In your own words, explain why context has an impact on the development of young children , based on Bronfenbrenner theory
American psychologist Urie Bronfenbrenner was critical of previous theories of child development. He argued that studies of children in unfamiliar laboratory environments with one other person, usually a stranger, were ecologically invalid (See Mary Ainsworth’s 1970 experiment of the ‘Strange Situation’).
Bronfenbrenner (1974) claimed most earlier studies were ‘unidirectional’, meaning that the laboratory studies observed the influence of A on B (e.g. a stranger/mother with a child), rather than looking at the possible influence of the child on the stranger/mother, or any other third party’s influence.
Bronfenbrenner maintained that these laboratory features of research are not characteristic of environments that children actually live and develop in.

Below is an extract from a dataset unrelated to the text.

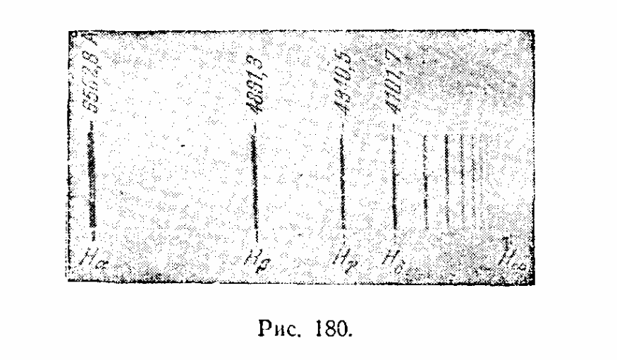 Рис.1: Часть спектра атомарного водорода в видимой УФ-области. Линии располагаются в определенном порядке. Расстояние между линиями закономерно убывает по мере перехода от более длинных волн к более коротким.
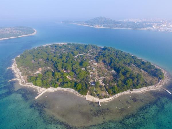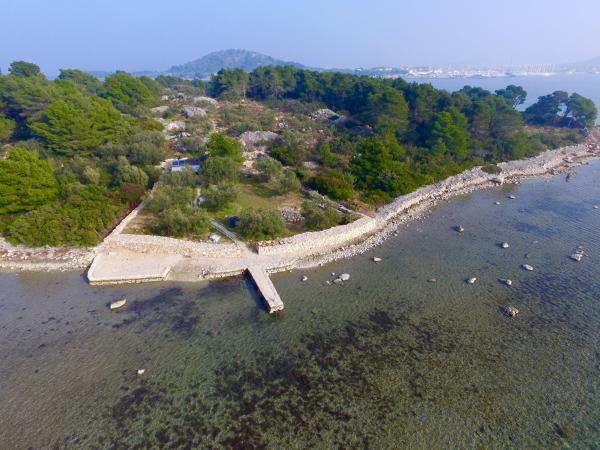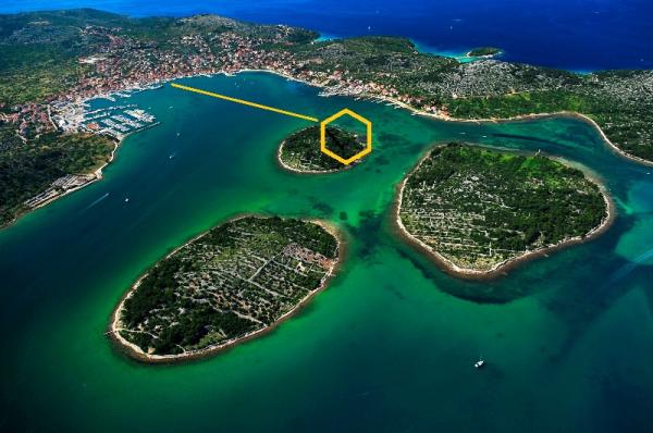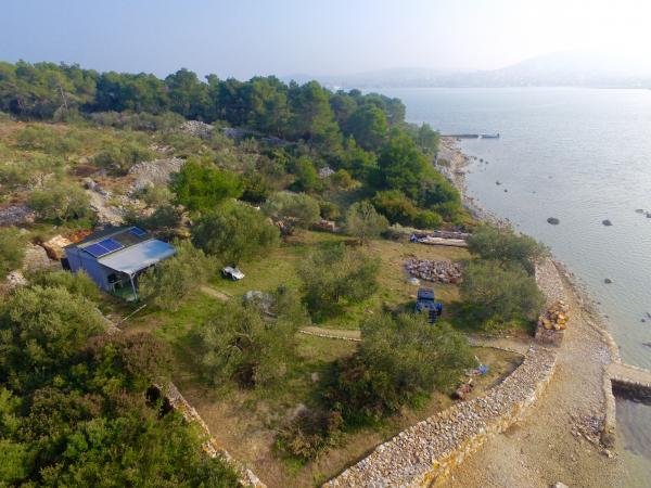 Êtes-vous fatigué des plages bondées ? Vous recherchez le calme et la nature ? Vous cherchez quelque chose de différent ? Nous offrons une expérience d'île presque privée ! Une petite maison en bois, pour deux personnes ou un couple avec un petit enfant, pour les vacances d'été. Un endroit où vous pourrez profiter du calme et de la nature dans une oliveraie de 800 m2, presque seul sur l'île. La durée minimale du séjour est de 7 jours. La maison dispose de sa propre plage, d'une cuisine, d'un barbecue et d'un quai pour bateau. La maison dispose d'eau potable et d'électricité (solaire). Il y a des toilettes. La douche est à l'extérieur. La ville de Murter est située à proximité (300 mètres), soit environ 10 minutes en bateau.

Bronfenbrenner recognized there are multiple aspects of a developing child’s life that interacts with and affects the child. His work looked beyond individual development, taking into account wider influencing factors and the context (or ecology) of development. He proposed the ‘Ecological Systems Theory’ based on these dynamic interactions that the environments have on the developing child.
Bronfenbrenner’s (1974) perspective has some resemblance to the works of Albert Bandua’s social learning theory and Lev Vygotsky’s sociocultural theory in which the environment is explicitly or implicitly considered as a crucial mechanism in development.